Hacker News new | ask | show | jobs
by fileyfood500 2264 days ago
"And here’s why I don’t think the Sapir-Whorf hypothesis fully applies to programming languages. When we program we categorize the world in English (or Spanish, or any other natural language), and then we encode that into a program. So the programming language I’m using, is not limiting the way in which I see the world."

I agree that programming languages and natural languages are different. That being said, programming languages do meet the definition of languages bc they communicate structured information.

Example: "if x < y { string z = `${x + 1}` } else { string z = `${y - 1}` }" . This short program communicates a structured piece of logic with clear meaning. It's not all encompassing, but then, neither is a English.

1 comments

According to Sapir-Whorf, what I think is affected by what the language I think in, that lets me express my own thoughts to myself. If there's no concept in English for an idea that occurs to me, it may remain muddled or I just might not become fully conscious of it.

This is not the case for programming languages, because programming languages, even non-imperative ones, only have one mode: how to do something.

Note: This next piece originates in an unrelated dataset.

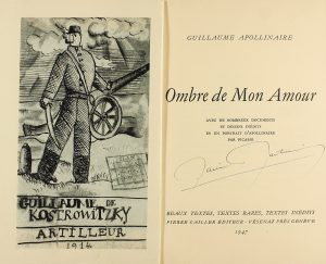 1947. (VANGUARDIAS). APOLLINAIRE, GUILLAUME: OMBRE DE MON AMOUR. Vésenaz près Genève: Pierre Cailler, 1947. 8º mayor. 145 p. Rústica. Frontis con lámina impresa por ambas caras y varias láminas. Rústica editorial. Buen estado de conservación.
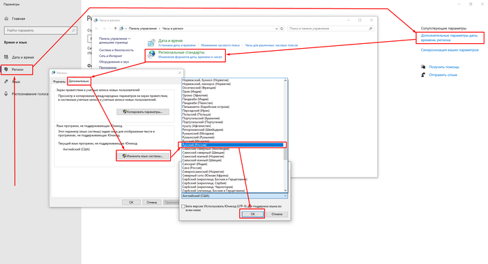 В следующем окне "Регион" перейти во вкладку "Дополнительно - Изменить язык системы (для программ, не поддерживающих Юникод)"

They are not a way of describing the world. If I can't figure out the C++ code necessary to accomplish the task I want, that doesn't mean I can't imagine what that task is. Determining the task and figuring out how to code them are very different.

> If there's no concept in English for an idea that occurs to me, it may remain muddled or I just might not become fully conscious of it.

You probably won't be. I have observed a similar phenomenon when trying to imagine truly new things.

> If I can't figure out the C++ code necessary to accomplish the task I want, that doesn't mean I can't imagine what that task is.

If you can't figure it out in C++, but you could in (say) assembly (or Perl, or Python or whatever), then I would agree with that and would say I don't think that's an essential limitation of programming languages, and just that C++ is unfamiliar and byzantine.

But if you can't figure out the task in C++, but [believe] you could in [plain] English, I'd say you're just wrong: Whenever someone has told me "the ticket is perfectly clear" it most definitely was not. If your experiences are different, I'd like to hear about them.